Ahkaf Suresi 9. Ayet;
De ki: 'Ben elçilerden bir türedi değilim, bana ve size ne yapılacağını da bilemiyorum. Ben, yalnızca bana vahyedilmekte olana uyuyorum ve ben, apaçık bir uyarıcıdan başkası değilim.'

            Şu cahillerin yaptığına bakın… Önce sen kendini kurtar! Seni cennete kim soktu ki... Nebi Muhammed bile kendisine ne o olacağını bilmezken, sen kim oluyorsun! Kendisini cennete girdi, bir de gizli saklı yanında birilerini cennete sokacakmış. Haşa Allah’la alay ediyorlar. İşte Bu şarlatanlara kulluk edenler, aklını kullanmayan insanlardır.

Yunus Suresi 18. Ayet;
Allah'ı bırakıp kendilerine zarar vermeyecek ve yararları dokunmayacak şeylere kulluk ederler ve: 'Bunlar Allah katında bizim şefaatçilerimizdir' derler. De ki: 'Siz, Allah'a, göklerde ve yerde bilmediği bir şeyi mi haber veriyorsunuz? O, sizin şirk koştuklarınızdan uzak ve yücedir.'

Hucurat Suresi 16. Ayet:
De ki: 'Siz Allah'a dininizi mi öğreteceksiniz? Oysa Allah, göklerde ve yerde olanları bilir. Allah, her şeyi bilendir.'

            Suda boğulanlar, akrep, yılan sokanlar, yangında yananlar, doğururken ölenler, şehitler, mübarek sayılan geceleri ibadetle geçirenler, depremde ölenler kurtardı.  Kalanlar da salavat getirmişse, Hz Muhammed’in şefaatiyle onlar da cennetteler. Oh ne ala… Top yekûn herkes cennette…

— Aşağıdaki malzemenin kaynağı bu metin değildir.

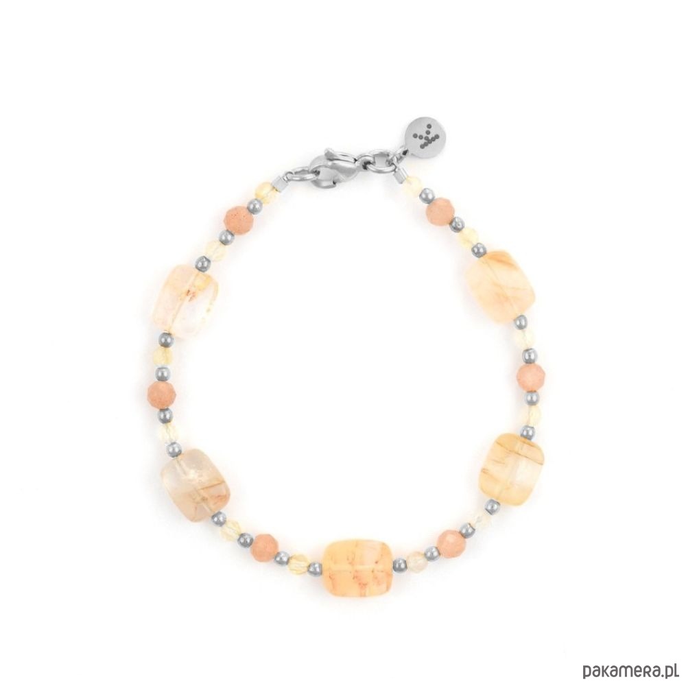Elegancka bransoletka z Kamieni Hematytu, Kamienia Słonecznego, Cytrynu to doskonałe połączenie siły i pozytywnej energii. Starannie rozmieszczone kamienie tworzą wyrafinowaną całość, a Pastylki Cytrynu przyciągają wzrok swoim blaskiem.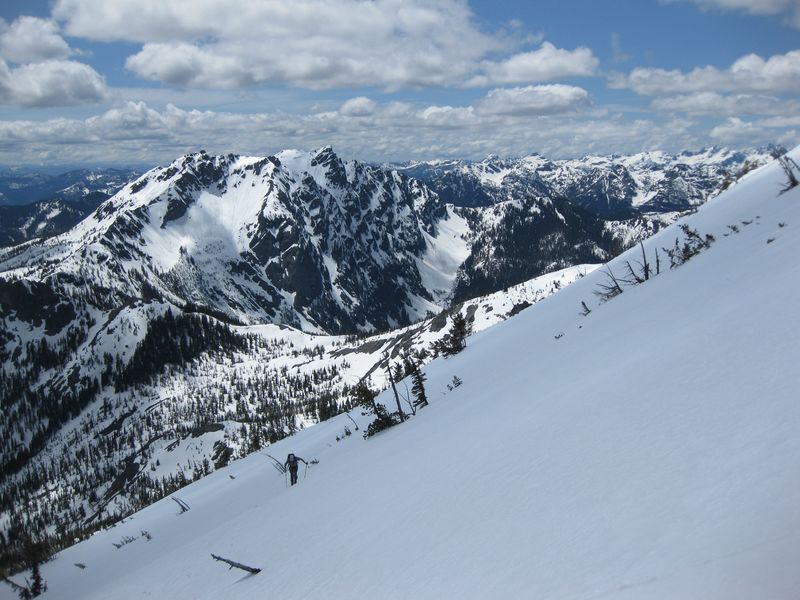 We finally got a sunny Spring ski day. This made for a really fun tour/traverse through some of the nicest scenery of the Central Cascades.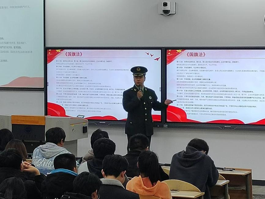 在此次讲座中,校老员工军事协会为同学们讲解了军事科技相关理论知识,强调国家安全的重要性,保护家国安全、保守国家秘密是每个中华人民共和国公民的义务,对于身为兵工院校的员工,更应该永远把国家放在心中第一位,并讲解时下国际环境与中国自身情况。此外,校国旗护卫队为大家讲解了《中华人民共和国宪法》中的《国旗法》,深刻讲述中华人民共和国五星红旗的庄严地位,以及国旗护卫队的光荣使命。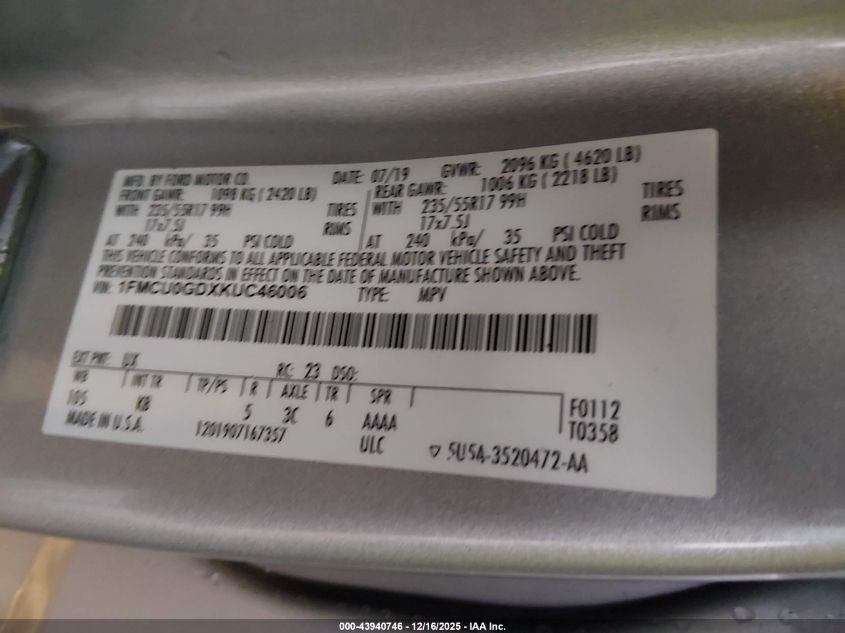 Колір Циліндри 4Привід Передній привідVIN 1FMCU0GDXKUC46006Стан НевідомоУшкодження Невідомо

              Müşrikler de benzer şekilde, Allah katında şefaatçilerin olduğunu iddia ederlerdi.  Bu Allah’a yalan isnat etmekten başka bir şey değildir. Onlar örf, adet, cahiliye Arap geleneğini, hurafeleri kendine din edinmişlerdi. Günümüzde de insanların çoğu da aynı yolu seçmiştir.

Yusuf Suresi 106. Ayet;
Nitekim onların çoğu, Allah'a, O'na ait nitelikleri başkalarına yakıştırmaksızın iman etmezler.

            İnsanlarımız, Allah’ı yanlış bir şekilde tanımaktadır. İslam’ın iman ve salih amelden oluştuğu gerçeğini, göz ardı etmektedirler. Salih ameli ifa etmeden, aracılar ve referanslarla hesap gününü atlatmayı düşünürler.

             “Ey Allah’ın Resulü, beni ahirette yalnız bırakma. Benim işimi gör” diyebilen kişinin, beklentisi acaba nedir? Allah’tan kaçıp da, Nebî’ye sığınmak mı? Bu istek sahibi, Nebî Muhammed’in Allah’tan daha merhametli olduğuna inanmasa, böyle bir istekte bulunabilir mi? Bu söylem Nebîyi, Allah’tan daha güçlü bir ilah konumuna sokmuyor mu? Kardeşlerim bu tür söylemler çok tehlikelidir… Bu cümleleri yazarken bile tüylerim ürperiyor. Rica ediyorum, söylemlerimize dikkat edelim.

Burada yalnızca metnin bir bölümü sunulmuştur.